The shift shows up clearly in the trade data, with both crude and refined avocado oil shipments from Kenya to the EU rising sharply last year, according to Eurostat figures accessed via Cropli.
Fresh-avocado trade went the other way. EU imports from Kenya under HS code 080440 fell 20 per cent in value to €148.4mn last year, the same Eurostat data show.
Houthi attacks on Red Sea shipping closed the Suez Canal to most commercial traffic from late 2023, forcing reefer vessels around the Cape of Good Hope and roughly doubling transit times to Europe. Per-container costs rose to about $3,000 from $1,500–$2,000 before the crisis, according to Kenyan sources.
Avocado oil offered a way around the problem. Unlike fresh fruit, which ripens in transit and arrives bruised or spoiled after a longer voyage, the oil has a shelf life measured in months and does not require refrigerated containers — making the longer Cape route commercially viable.
The Red Sea shipping disruptions "resulted in delayed delivery periods, impacting the quality on arrival at the destination market and resulting in losses" on fresh product, said Kenyan agri-business Sasini in its annual report. Its fresh avocado shipments fell from 71 containers in 2024 to just 22 in 2025.

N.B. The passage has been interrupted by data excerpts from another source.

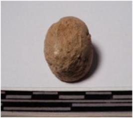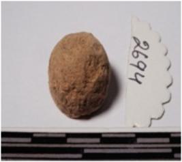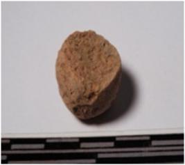 | Description / विवरण | A fragment of a terracotta sling ball globular in shape of smooth surface. |
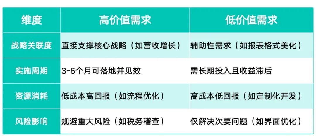 战略关联度:“如果我们实现了这个需求,它能多大地帮助财务部门更好地支持公司的战略目标?比如降低成本、控制风险,或是赋能业务增长?” 我们可以一起为此打分,5分代表至关重要,1分代表锦上添花。
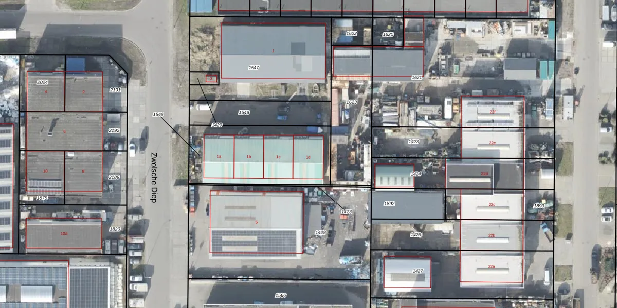 Het perceel waarop Zwolsche Diep 1-d staat heeft een oppervlakte van 875 m². Dit is een groot perceel. De perceeloppervlakte wordt geregistreerd door het Kadaster. Gedetailleerde informatie over de maten van dit perceel kunt u vinden in het rapport Kadastrale kaart met maatvoering van Zwolsche Diep 1-d.
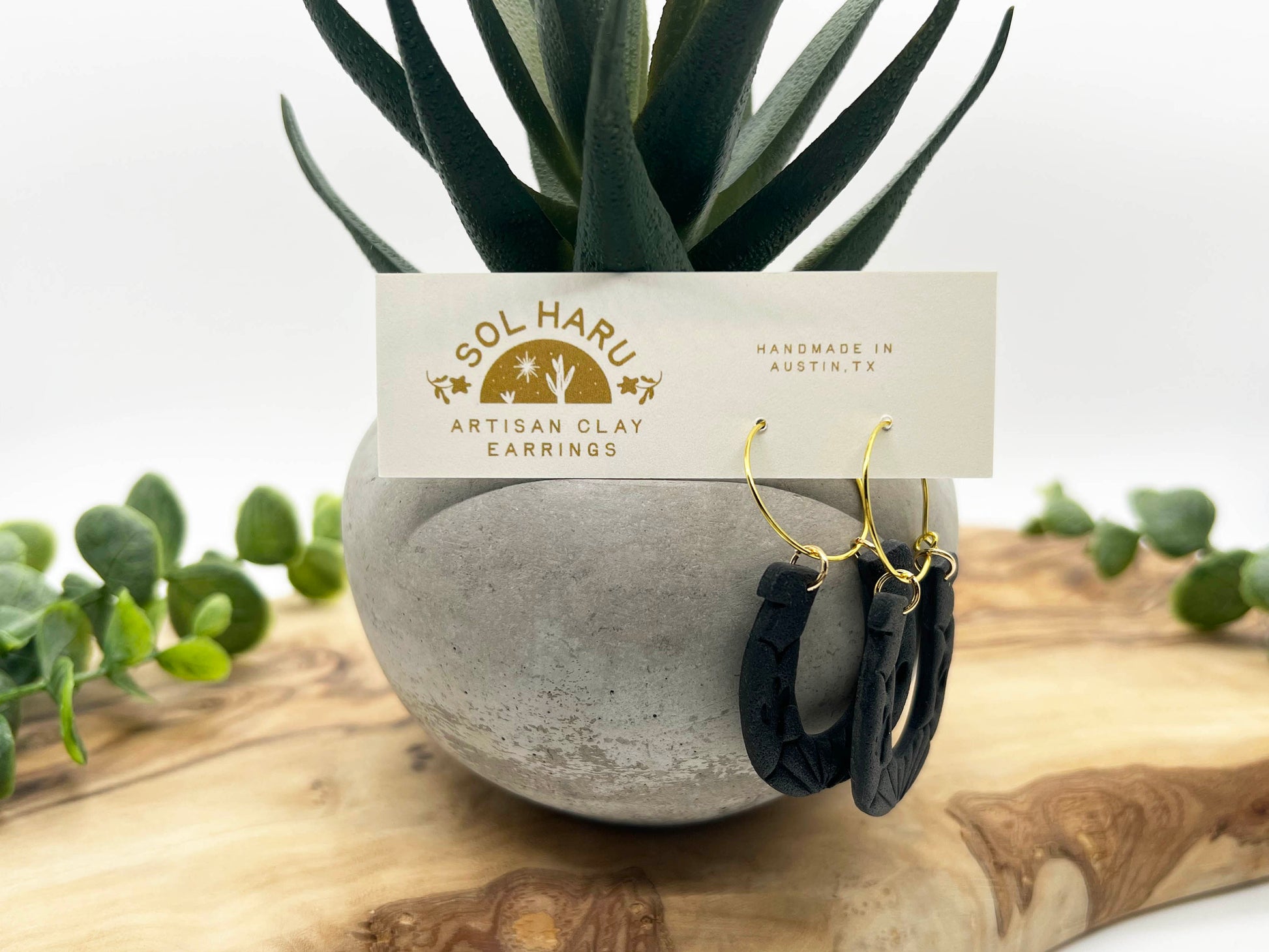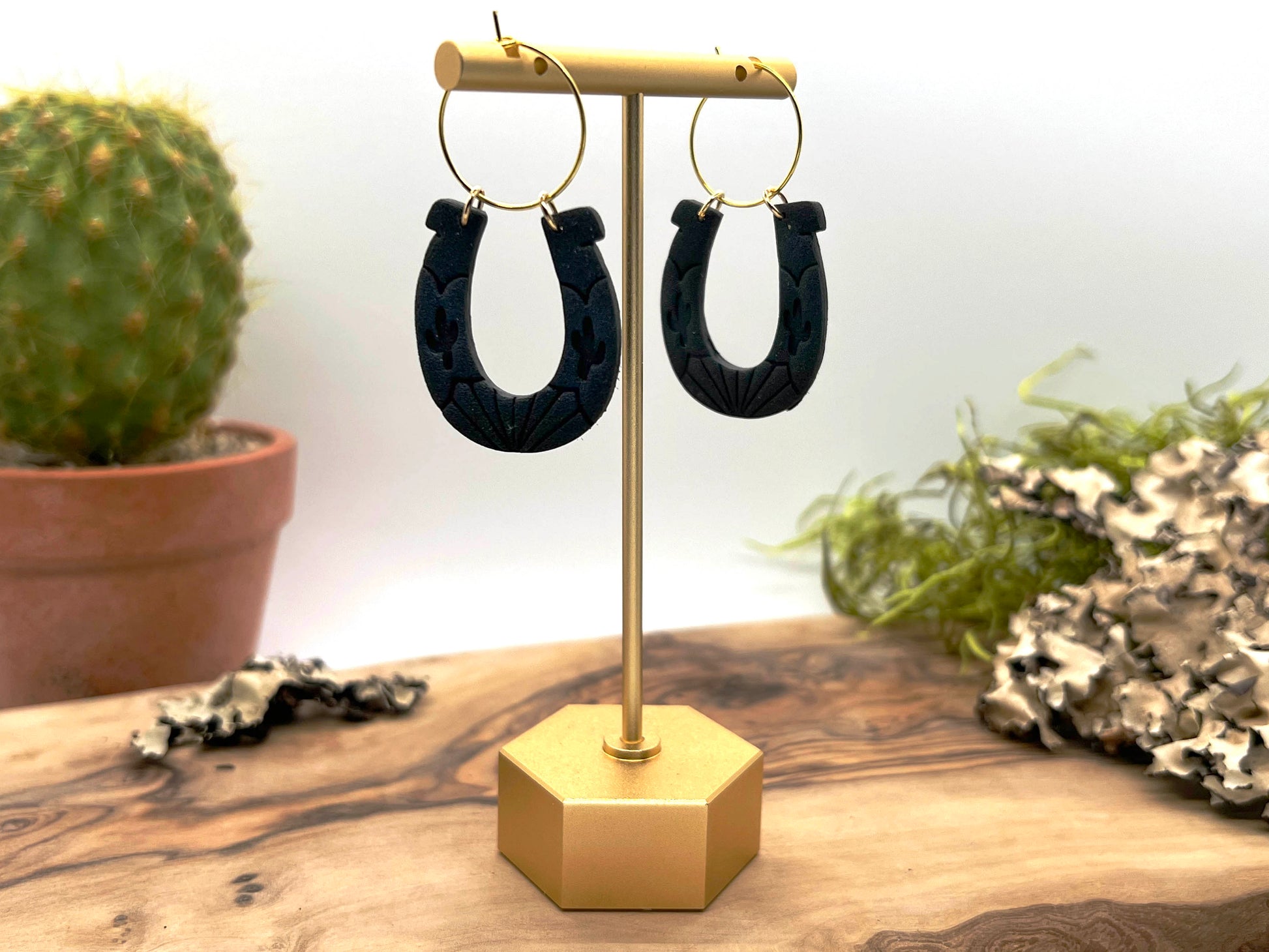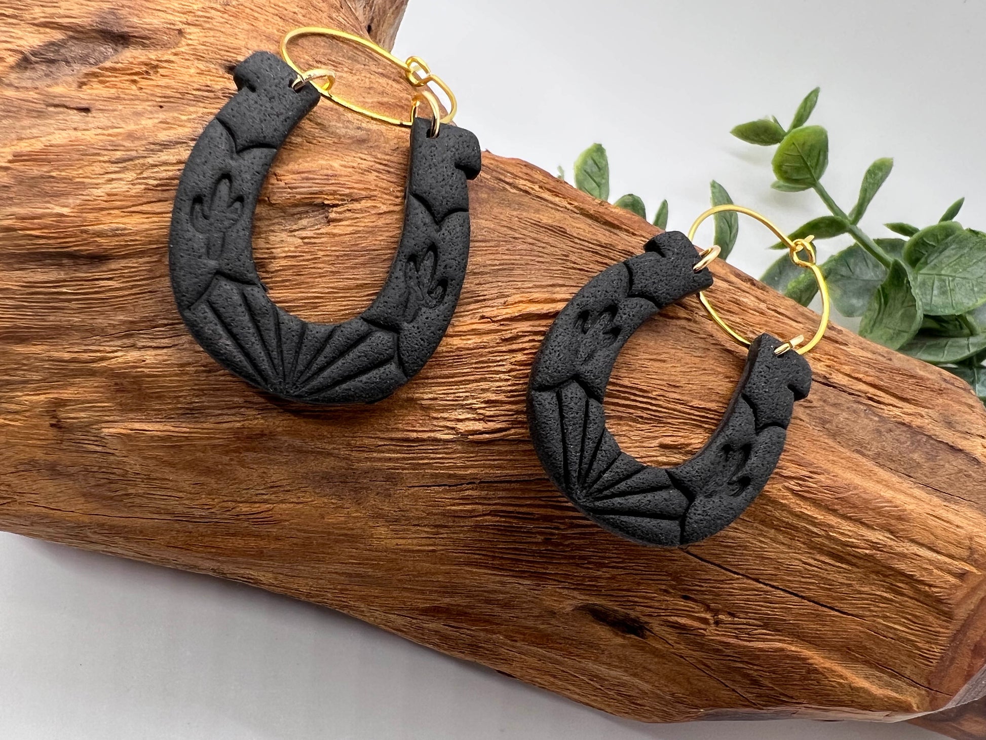 Textured horseshoe in black. Lightweight polymer clay earrings handmade in Austin, TX. No two designs are the same as they are individually made by hand.
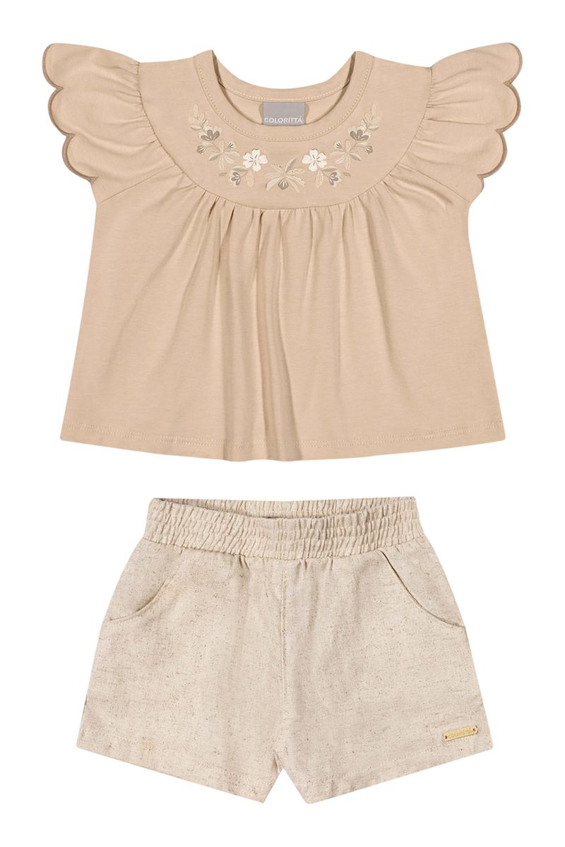 Conjunto Infantil Menina Bordado Flores Colorittá Bege REF: 73274-2039
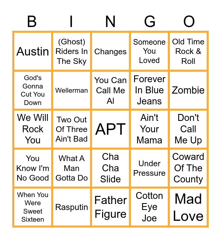 This bingo card has a free space and 29 words: When You Were Sweet Sixteen, Oh! Carol, Two Out Of Three Ain't Bad, One Way Ticket, Austin, Changes, Wellerman, What A Man Gotta Do, Ain't Your Mama, Rasputin, Don't Call Me Up, Mad Love, Father Figure, Cotton Eye Joe, Zombie, Always, Cha Cha Slide, You Know I'm No Good, Old Time Rock & Roll, We Will Rock You, Under Pressure, Iko Iko, Forever In Blue Jeans, God's Gonna Cut You Down, Someone You Loved, (Ghost) Riders In The Sky, Coward Of The County, You Can Call Me Al and You Shook Me All Night Long.
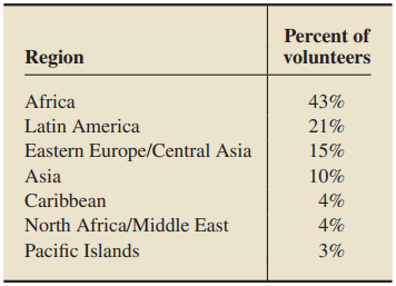 The Peace Corps is an independent U.S. government agency that provides trained volunteers for countries requesting assistance. According to Peacecorps.org, as of September 2012, volunteers currently serve in about 76 different host countries. The average age of a volunteer is about 28 years old. The following table reports the percentage of total volunteers serving by geographic region.
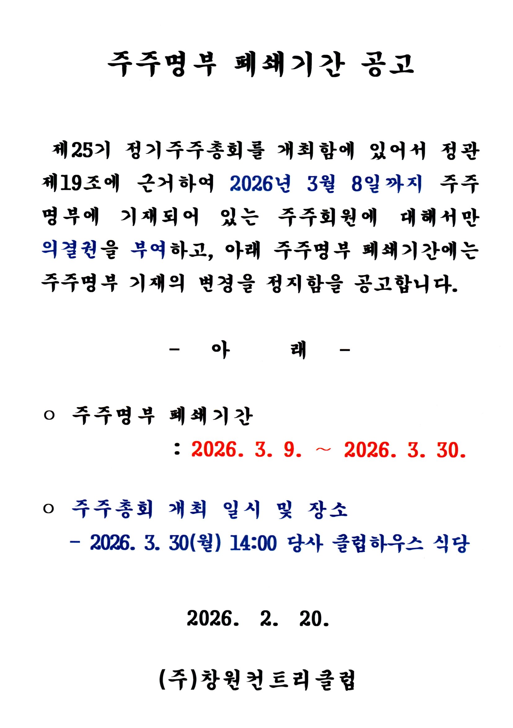 주주명부 폐쇄기간 공고
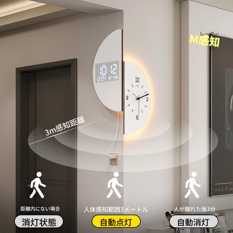 美世达2025年新款壁掛け時計!穴を開けずに簡単取り付け!シンプルでスタイリッシュなデザインの家用電子時計。リビングにぴったりの万年カレンダー機能付き!あなたの生活空間を彩ります!
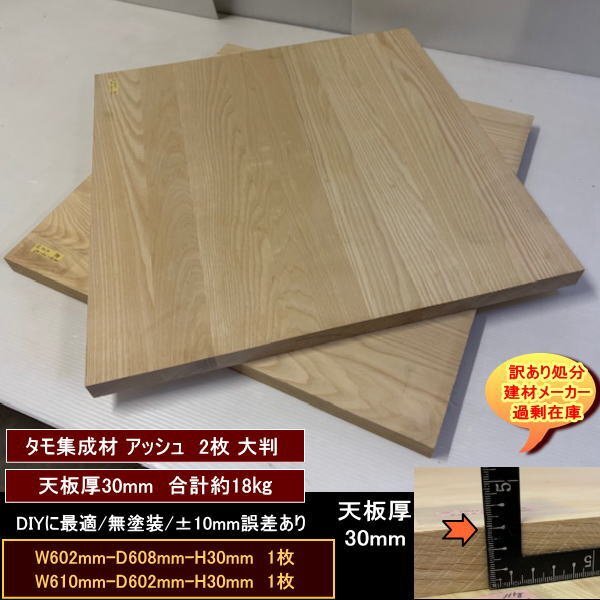- タモ アッシュ 集成材 高級材 端材 2点セット 約18kg 無塗装 タモ集成材30 602-608-30mm 他1 送料無料 訳あり処分 重量あり
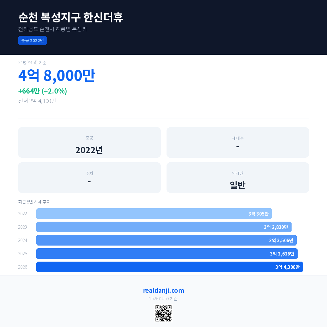 순천 복성지구 한신더휴 국민평형 기준 2026년 평균 거래가는 3억 4,300만으로, 전년 대비 2.0% 상승 했습니다.
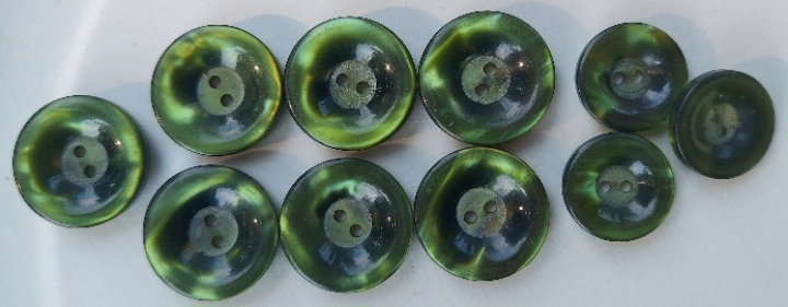 Lucite. Nothing tested positive for bakelite, but some of the buttons may be coated. The four brown ones and the horn are my favorites. I spent all day yesterday sorting and bagging. I have to seal the zip lock bags well and price. One more sort to do- huge pile of MOP buttons. I will take pics of some more of my favorites soon.
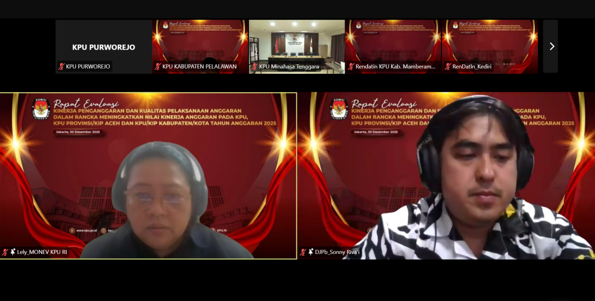Purworejo – Komisi Pemilihan Umum (KPU) Kabupaten Purworejo mengikuti Rapat Evaluasi Penganggaran dan Kualitas Pelaksanaan Anggaran dalam rangka meningkatkan nilai kinerja anggaran pada KPU, KPU/KIP Aceh, serta KPU/KIP Kabupaten/Kota Tahun Anggaran 2025. Rapat dilaksanakan secara daring melalui Zoom Meeting pada Selasa (30/12/2025).
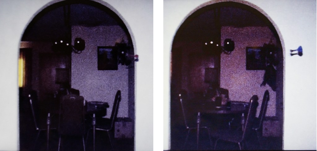 I walked through the dining room and as I was about even with the middle of the table I was looking at the floor about six feet in front of me and I saw something move in the living room. I looked up and saw a shadow dart behind the lamp straight in front of me. As I passed around the table I looked along the wall behind the lamp and saw what looked like a shadowy head dart back behind the lamp. I remember saying something like “nice try,” and kept walking towards the bathroom. After entering the bathroom and closing the door, I passed through a cold spot. Not like a draft but more like a bone chilling cold space (hard to describe). After I got as far as the sink, it was gone. I went back and stood in that cold spot (I can still feel it forty years later). While in it I heard what sounded like voices far off and no words were discernable. All I remember after that is telling Dad about it and then going home. He was angry with me for leaving him alone with the ghost. Too bad. Whether I used the bathroom or waited until I got home is not clear all these years later but I think I held it and left immediately. First, I have been trying to find photographs of that angle where you can see the living room and the lamp. I found it in an animation I made of the invisible man throwing darts. Basically, a frame at a time and lots of string. I also found a photobomb of my sister peeking around the corner in one frame (at least I hope it was her!). Here is that frame. It is only one frame in the sequence so in my movie goes by so fast you hardly notice it (I didn’t see it for over forty years! I only found it because I was looking for the photo angle!). Here it is. See her on the right side? Remember that image of someone looking from around something.
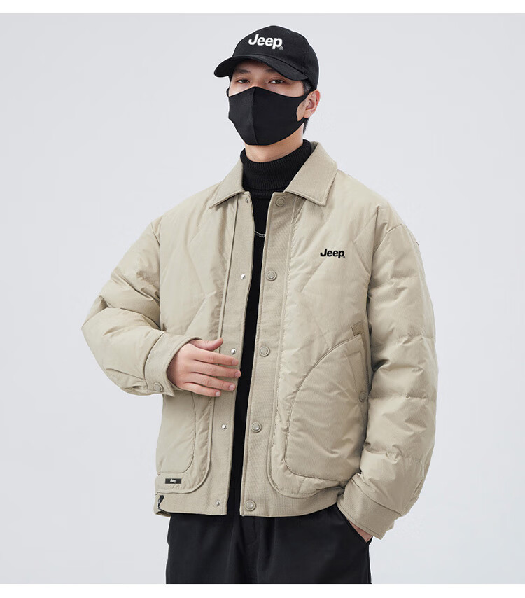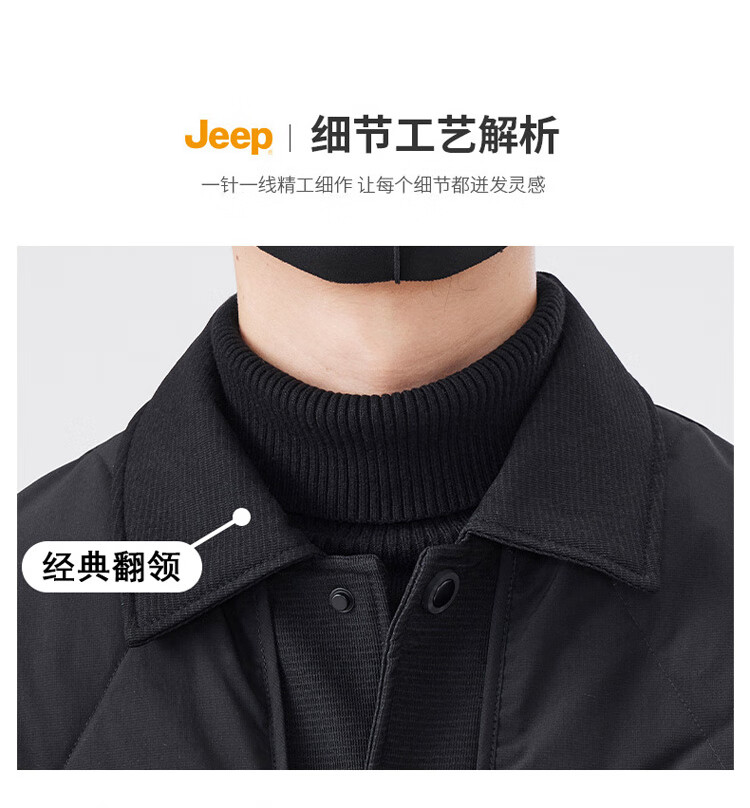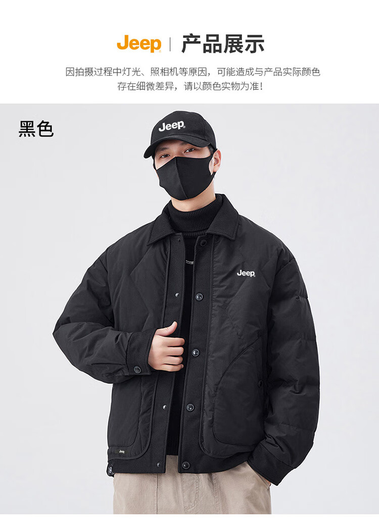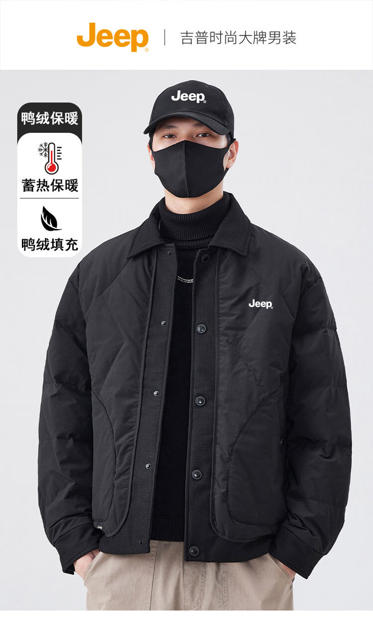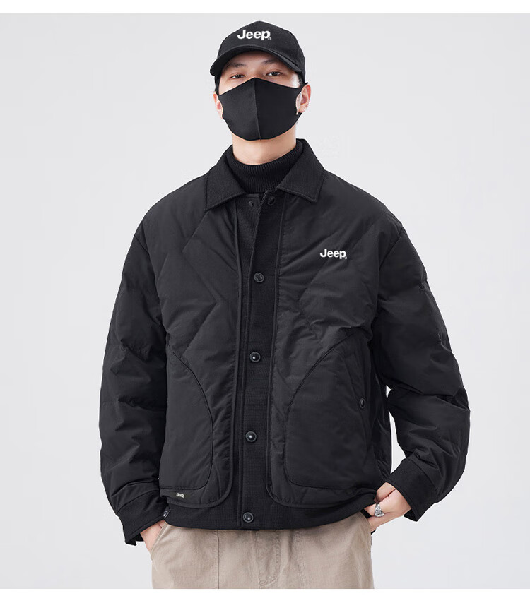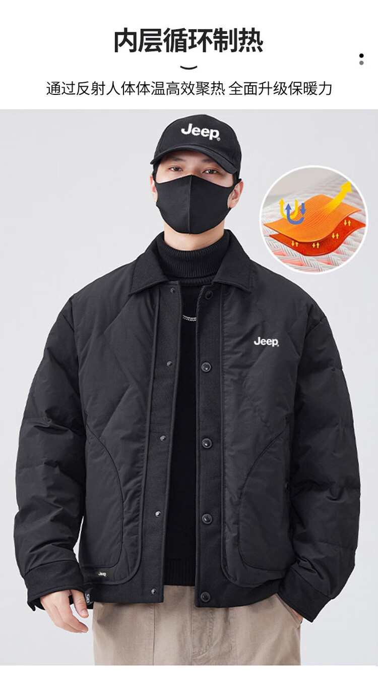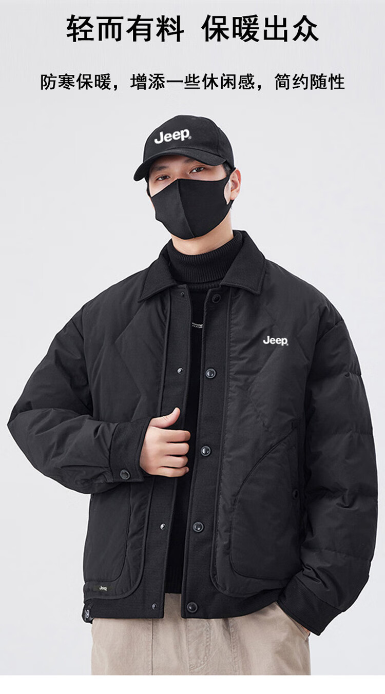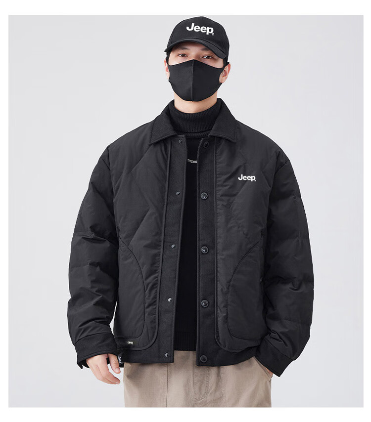 JEEP Jeep Down Jacket Men's Winter Short Warm Lapel Jacket Men's Casual Clothes Men's Black XL
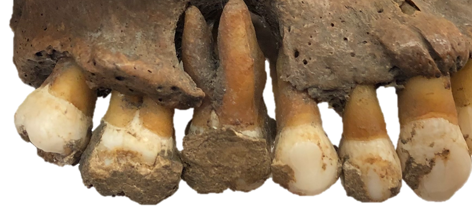 사람 위턱뼈에 두껍게 굳어 있는 치석(dental calculus). 살아 있는 동안 먹은 음식의 DNA·단백질·전분 알갱이가 이 광물화된 침전물 속에 그대로 갇혀 수만 년을 버틴다. 네안데르탈인의 치석에서 잿빛가루눈물버섯 DNA가 나온 것도 이 창 덕분이다. ⓒ Dr. Kelly Blevins / Wikimedia Commons (CC0)

Earlier this month, Sasini announced plans to sell an avocado packing plant in Nairobi City County, according to local media reports.
USDA figures show that Kenya's avocado oil production tripled last year to 10,188 tonnes. This helped boost the EU's crude oil imports from Kenya to 10,178 tonnes, while refined avocado oil entering the EU from Kenya rose 65 percent to 7,443 tonnes.
Kenya is the world's sixth-largest avocado producer and Africa's biggest, with a record 694,000-tonne harvest in 2025. The push to press avocado oil comes as demand for the product increases in other key markets, too.
In the United States, imports under HS 151590 — the customs line that includes avocado oil — shipments from Kenya jumped to $36.8mn from $5.6mn in 2024. Mexico is the US' largest supplier, supplying oils worth $388mn under the HS code.
Despite challenges in the fresh market, USDA forecasts Kenya's 2026 crop at a further record 727,000 tonnes and exports rising 7.4 percent to 130,000 tonnes. The growth follows on the back of "yield recovery in key production zones" and the "opening of new markets", such as China and India, according to the USDA.
The increased supply may find its way into an even greater share of avocado oil production.
Two months into 2026, EU fresh avocado imports from Kenya continue to fall; imports by the EU under HS 080440 ran at 358 tonnes in January and February, against 921 tonnes a year earlier.
By comparison, imports under HS 151590, the line that includes avocado oil, climbed 83 per cent in value year-on-year to €12.5mn over the same two months.
Kenya's Agriculture and Food Authority opened the 2026 fresh-avocado season on April 2; a separate avocado-oil processing season opens on April 30.